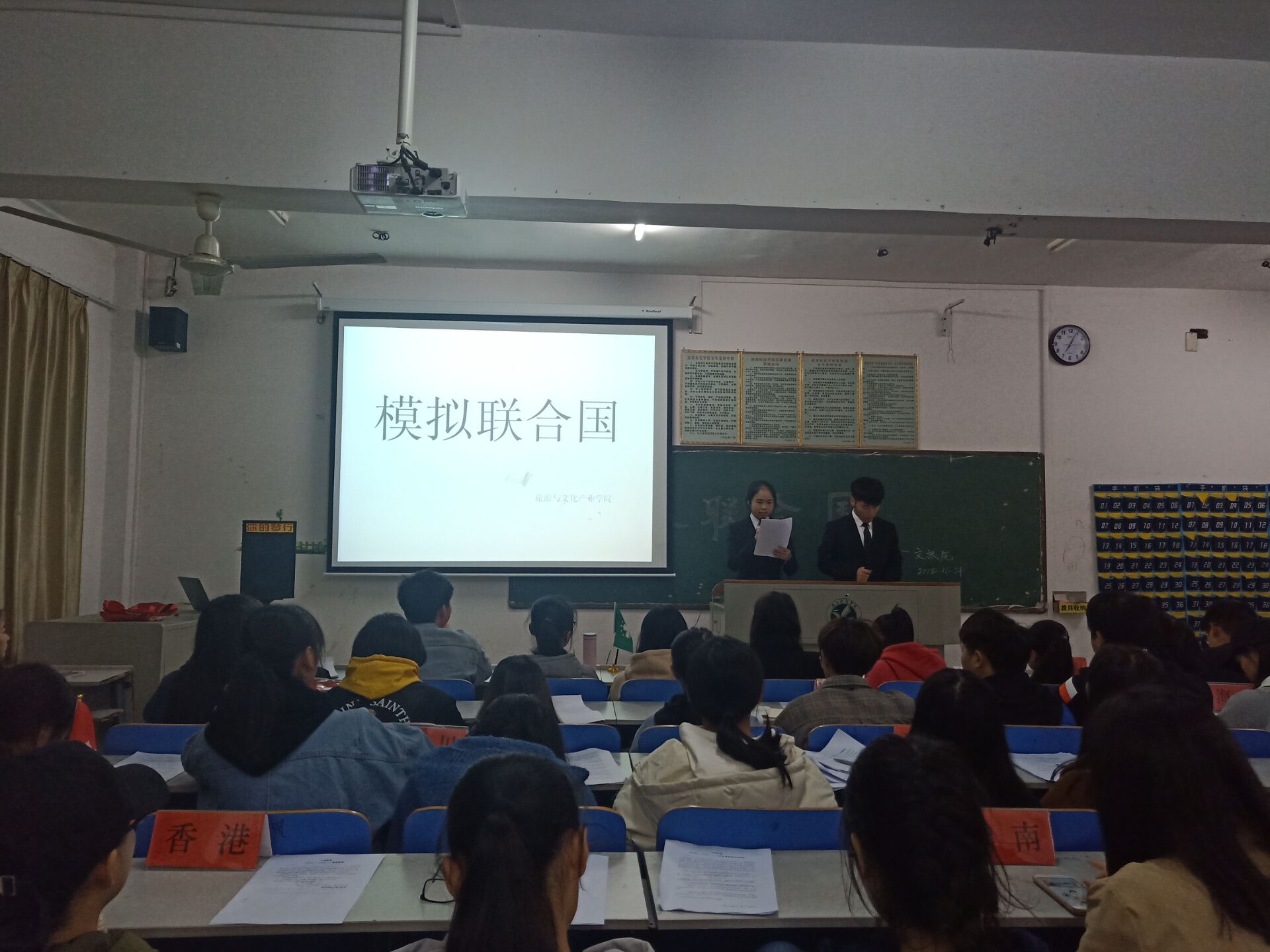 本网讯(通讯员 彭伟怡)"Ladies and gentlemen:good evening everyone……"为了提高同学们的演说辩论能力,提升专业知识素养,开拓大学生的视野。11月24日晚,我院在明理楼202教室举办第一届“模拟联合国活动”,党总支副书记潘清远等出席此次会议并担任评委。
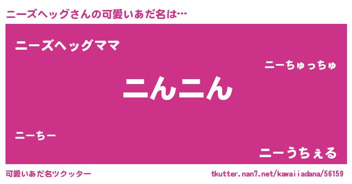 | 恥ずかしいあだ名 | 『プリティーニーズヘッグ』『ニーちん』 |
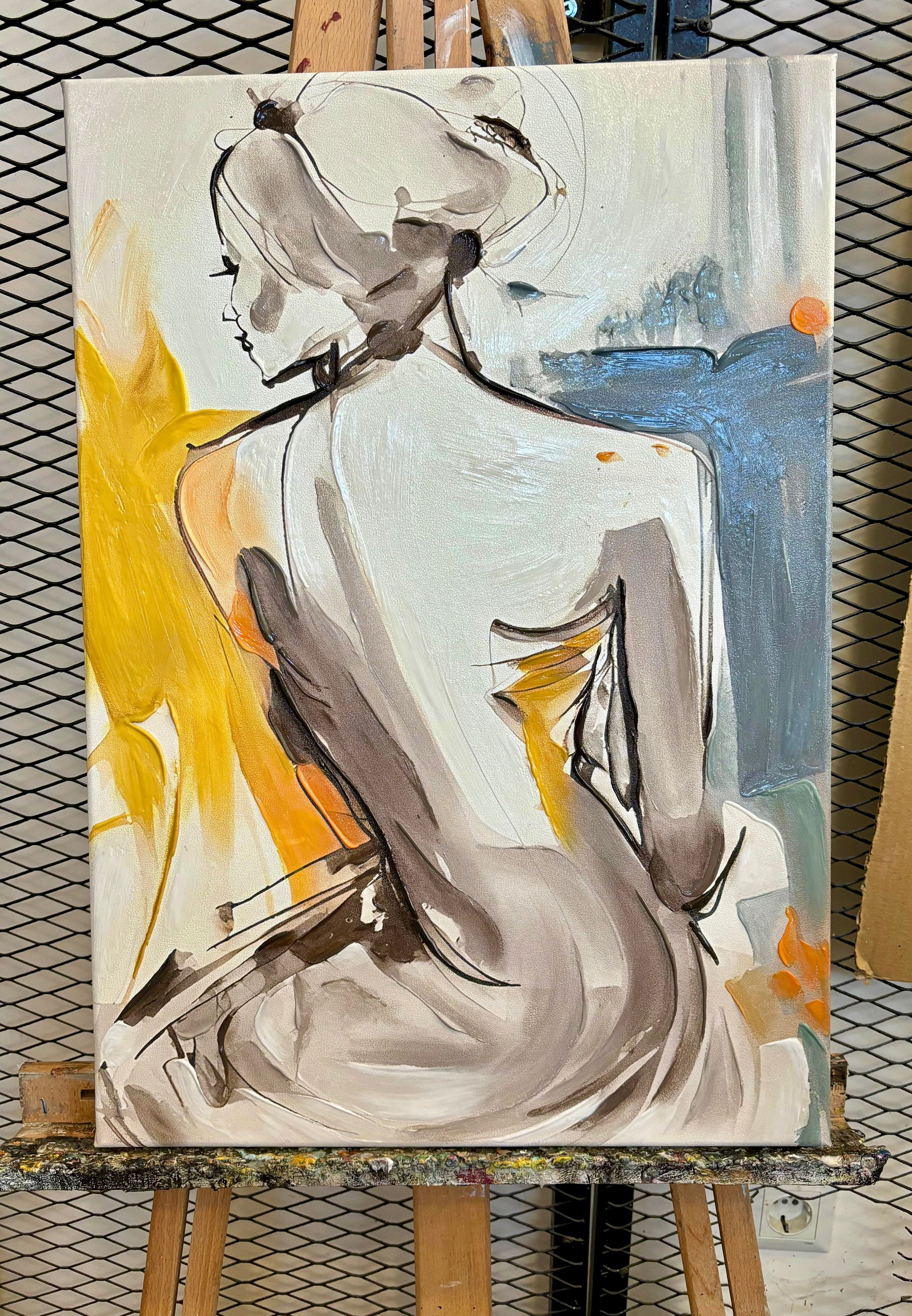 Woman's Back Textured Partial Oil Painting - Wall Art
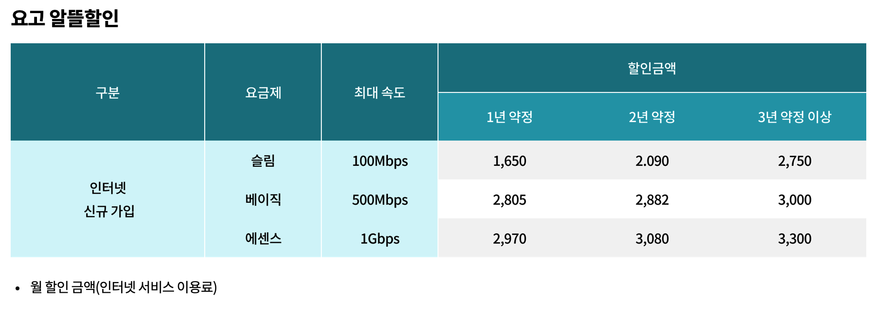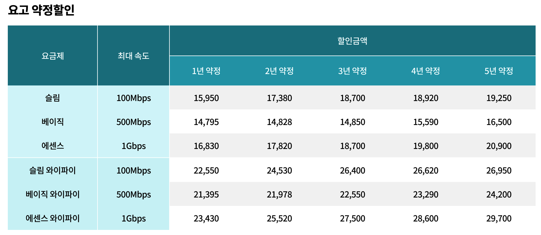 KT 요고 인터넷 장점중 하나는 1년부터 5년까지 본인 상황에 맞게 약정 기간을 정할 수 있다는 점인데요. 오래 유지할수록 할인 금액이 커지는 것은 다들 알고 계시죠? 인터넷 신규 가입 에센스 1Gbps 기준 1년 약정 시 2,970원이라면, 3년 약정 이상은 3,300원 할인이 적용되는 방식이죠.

---

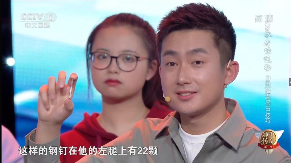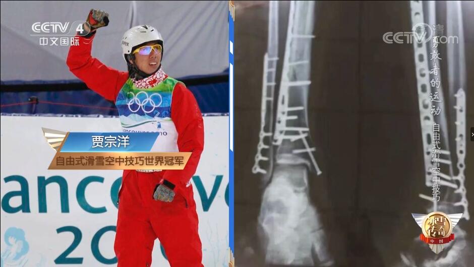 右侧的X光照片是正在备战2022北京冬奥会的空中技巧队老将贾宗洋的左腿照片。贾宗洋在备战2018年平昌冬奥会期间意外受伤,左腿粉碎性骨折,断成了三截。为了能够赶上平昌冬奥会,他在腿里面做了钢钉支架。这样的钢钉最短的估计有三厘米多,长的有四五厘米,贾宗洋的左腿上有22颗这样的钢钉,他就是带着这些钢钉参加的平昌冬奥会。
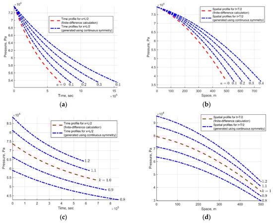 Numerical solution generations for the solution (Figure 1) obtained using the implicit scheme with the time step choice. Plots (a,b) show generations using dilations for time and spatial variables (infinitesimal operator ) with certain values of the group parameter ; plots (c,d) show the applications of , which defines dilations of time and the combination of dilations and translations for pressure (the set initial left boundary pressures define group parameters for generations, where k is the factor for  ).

§ What to work on: Using the data above, return the lines from the one holding "Woman's Back Textured" through the one holding "KT 요고 인터넷 장점중" exactly, but not the pictures.

§ Response to the task:
 Woman's Back Textured Partial Oil Painting - Wall Art
 KT 요고 인터넷 장점중 하나는 1년부터 5년까지 본인 상황에 맞게 약정 기간을 정할 수 있다는 점인데요. 오래 유지할수록 할인 금액이 커지는 것은 다들 알고 계시죠? 인터넷 신규 가입 에센스 1Gbps 기준 1년 약정 시 2,970원이라면, 3년 약정 이상은 3,300원 할인이 적용되는 방식이죠.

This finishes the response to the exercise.